The steps involved in the workflow are as follows:
- _Dataset collection and description: A virtual IoT environment is created using the _Distributed Smart Space Orchestration System (DS2OS) which has a set of IoT based services like Temperature controller, window controller, Light controller etc. The communication between the user and the services is captured and are stored in a CSV file format. In the dataset, there are 357,952 samples and 13 features. The dataset has 347,935 Normal data and 10,017 anomalous data and contains eight classes which were classified. The 8 classes of attacks are Denial of Service (DoS), Data Type Probing, Malicious Control, Malicious Operation, Scan, Spying, Wrong Setup, Normal. The dataset is free to use and is available in Kaggle webiste https://www.kaggle.com/francoisxa/ds2ostraffictraces. The "mainSimulationAccessTraces.csv" file contains the dataset is read using pandas library
import pandas as pd #Pandas library for reading csv file
import numpy as np #Numpy library for converting data into array
Dataset=pd.read_csv('mainSimulationAccessTraces.csv')
x=Dataset.iloc[:,:-2].values
y=Dataset.iloc[:,12].values
- Data preprocessing: The first step in Data preprocessing is to handle the missing values in the dataset. In the dataset, we can see "Accessed Node Type" column and "Value" column contains missing data due to anomaly raised during data transferring. Since the "Accessed Node Type" column is of categorical type, I will use a constant value for filling it. The "Value" column is of numerical type and hence I have used mean strategy to fill the missing values. The next step is feature selection which involves removing the timestamp feature which doesn’t have any significance on the data. The next step involves converting the nominal categorical data into vectors using label encoding.
from sklearn.impute import SimpleImputer
imputer=SimpleImputer(missing_values=np.nan,strategy='constant',verbose=0)
imputer=imputer.fit(x[:,[8]])
x[:,[8]]=imputer.transform(x[:,[8]])
imputer1=SimpleImputer(missing_values=np.nan,strategy='mean',verbose=0)
imputer1=imputer1.fit(x[:,[10]])
x[:,[10]]=imputer1.transform(x[:,[10]])
from sklearn.preprocessing import LabelEncoder
labelencoder_X = LabelEncoder()
for i in range(0,10):
x[:,i] = labelencoder_X.fit_transform(x[:,i])
x=np.array(x,dtype=np.float)
y=labelencoder_X.fit_transform(y)
- Sampling: This stage involves splitting the dataset into train and test data set.

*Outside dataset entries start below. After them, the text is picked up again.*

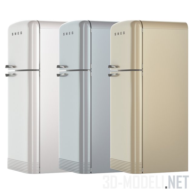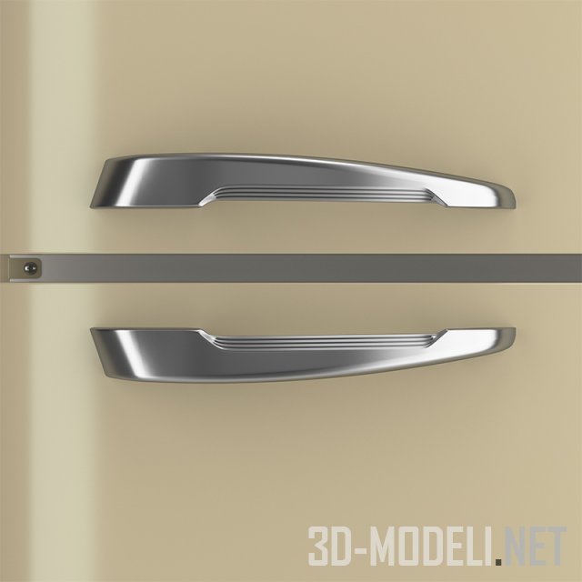 Отдельностоящий двухдверный холодильник, сделанный в стиле 50-х годов с закругленными углами. Модель Smeg FAB50X. Ширина холодильника 80 см. Представлен в трех цветах: серебристый, серый и бежевый. Ручки хромированные.
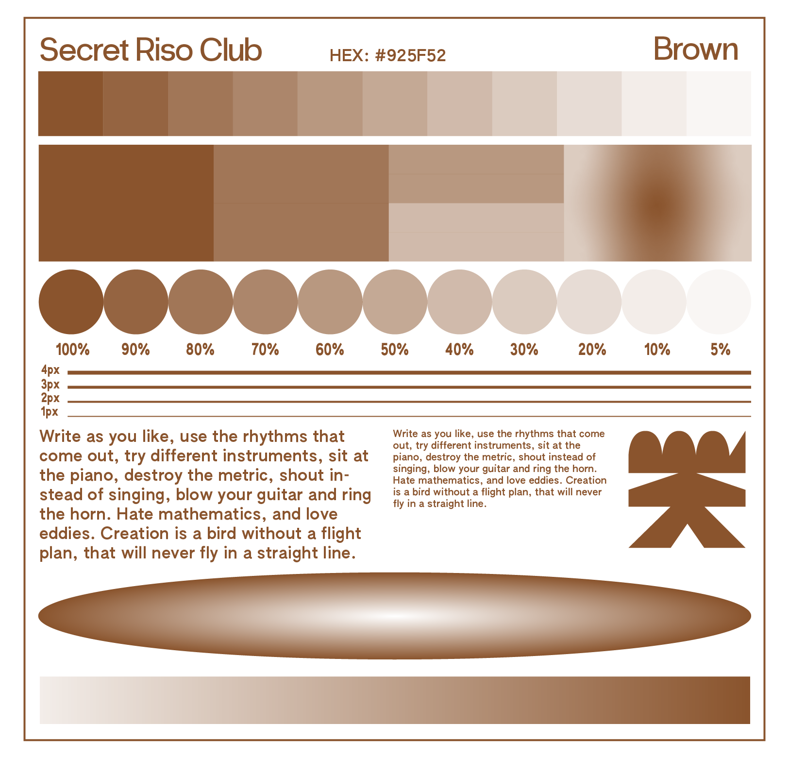 Due to the quirks of Riso, avoid large areas of solid color (they should be at max 50% opacity). Be sure to send us a full color JPEG or PDF as a reference. If attempting to print large blocks for solid ink, coverage might vary slightly, and there may be differences in gradation.
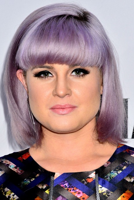 Kelly Osbourne Hairstyles: Short Purple Bob Haircut with Full Blunt Bangs /Getty images
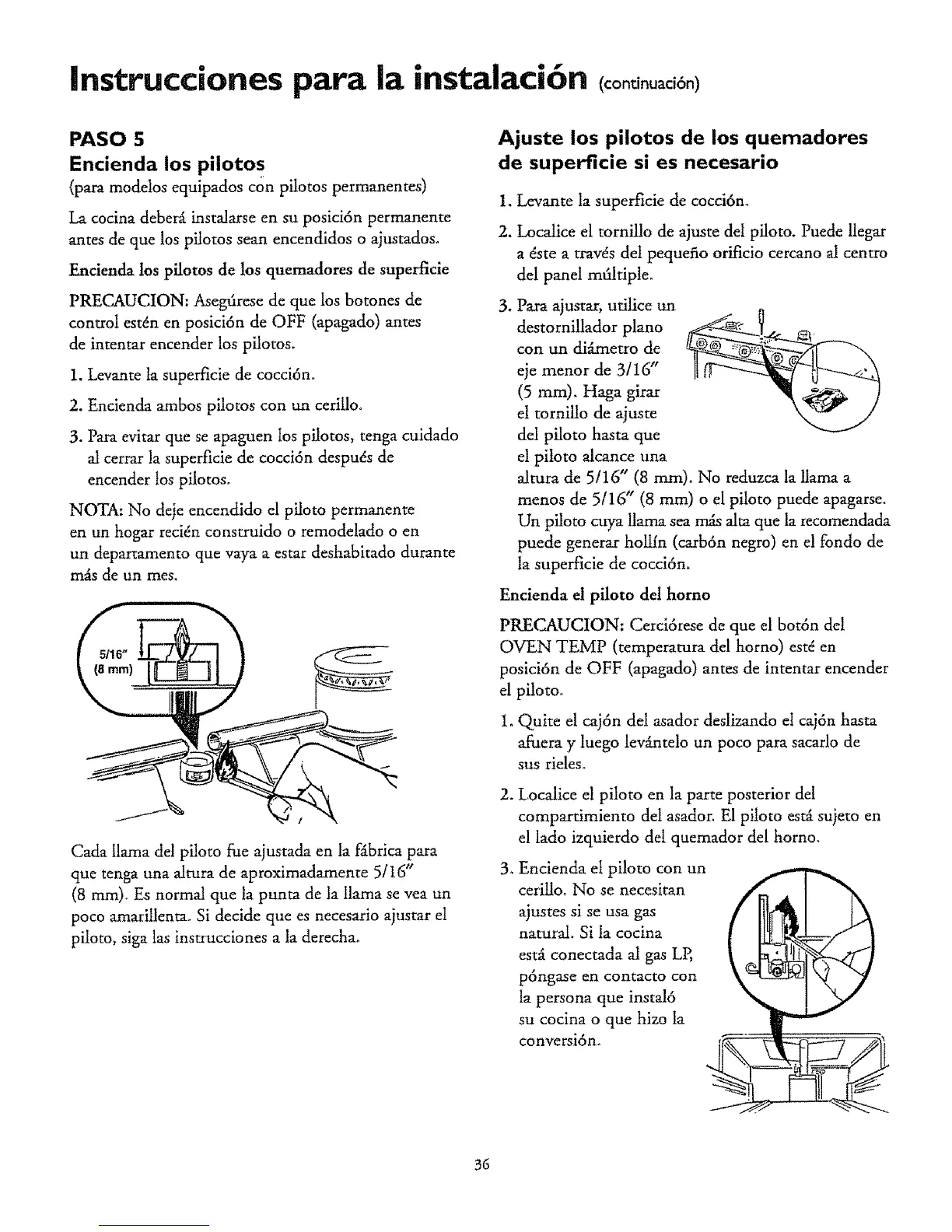 menos de 5/16" (8 ram) o el piloto puede apagarse.

I have assigned 80% of dataset for training and remaining 20% for testing.
from sklearn.model_selection import train_test_split
x_train,x_test,y_train,y_test=train_test_split(x,y,test_size=0.2,random_state=0)
- Normalization: The training and testing dataset are normalized using standard scaler library which will make all the values of the features to be in similar range.
from sklearn.preprocessing import StandardScaler
sc = StandardScaler()
x_train = sc.fit_transform(x_train)
x_test = sc.transform(x_test)
- Building a ML model: The training dataset is passed to a random forest classifier algorithm for training and the model/predictor is generated. I have used sklearn library to accomplish this step. I have used 10 trees for the model. After the training, the test dataset is passed to the predictor/model which will tell whether the data was under attack or not.

from sklearn.ensemble import RandomForestClassifier
classifier=RandomForestClassifier(n_estimators=10,criterion='entropy',random_state=0)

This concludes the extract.